In 1914 the Canadian Army purchased 20 Type XXI-UFs (usually referred to as UF21s) fitted with a variety of bodies. Ten were fitted with armoured plate and machine guns, becoming the Autocar Armoured Car, four were fitted as officers command cars, three were fitted for carrying ammunition and equipment, one for carrying fuel and oil, one as a repair truck and one as an ambulance. Arriving in the United Kingdom in late 1914, they were not sent to France until June 1915. All of the non-armoured vehicles were subsequently rebodied as General Service transports.

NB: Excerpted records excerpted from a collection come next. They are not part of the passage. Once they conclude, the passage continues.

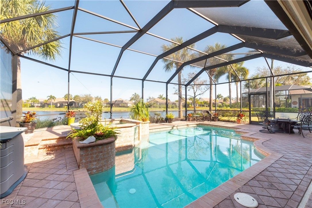 Significant price reduction on this well-maintained Arthur Rutenberg home featuring an attached 3-car garage, 3 bedrooms plus a den/study, and 2 full bathrooms. The spacious lanai offers a heated pool and hot tub, perfect for enjoying the Florida lifestyle. Notable upgrades include solar panels, a FULL HOUSE GENERATOR, newer HVAC system, newer hot water heater, and ELECTRIC HURRICANE SHUTTERS. Additional custom features include plantation shutters, wood flooring in all bedrooms, stainless steel appliances, and double tray ceilings. This elegant home boasts beautiful curb appeal with mature landscaping and tranquil freshwater lake views. Located in the highly desirable Verandah community, residents enjoy two 18-hole championship golf courses, tennis courts, a state-of-the-art fitness center, community pool, pickleball and bocce courts, and a dog park. Outdoor enthusiasts will love kayaking on the Orange River and exploring 9+ miles of walking and biking trails. Conveniently located near Downtown Fort Myers, the Caloosahatchee River, and Fort Myers and Punta Gorda airports. Exceptional value—prices like this are rare
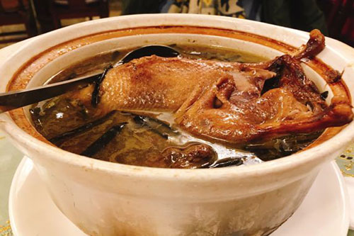 母油船鸭是地方菜肴,也是苏州的名菜,这道菜历史悠久,当年太湖游船众多,船家在船上做饭烧菜,用整只鸭子煨制成一道香浓的汤,肉质酥烂,非常受欢迎,这道菜就取名叫做母油船鸭,已经流行百年了。
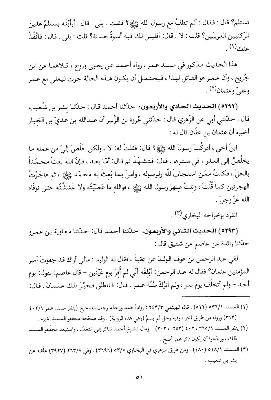 (٥٢٩٢) الحديث الحادي والأربعون: حدّثنا أحمد قال: حدّثنا بِشر بن شُعيب قال: حدّثني أبي عن الزّهري قال: حدّثني عُروة بن الزُّبير أن عبد اللَّه بن عديّ بن الخِيار أخبره أن عثمان بن عفّان قال له:

Throughout the First World War the British War Office was constantly looking for additional motor transport, having a need for light trucks in 1917 they placed and order with the Autocar Company for 460 UF21s. Rated for 30-cwt (1.5 long tons; 1.7 short tons; 1.5 t) payloads in British service, the UF21s were shipped to Britain as bare chassis and had bodywork fitted upon their arrival. 265 were fitted with rectangular water tanks and used as water carriers on the Western front, 6 were retained in the United Kingdom and 189 were fitted with General Service cargo bodies and sent to East Africa for use as supply carriers. After the Ford Model T, the UF21 was the second most numerous motor vehicle in service with the British during the East African campaign, both types were fitted with pneumatic tires and compared to other types both stood up very well to the harsh the conditions encountered during the campaign.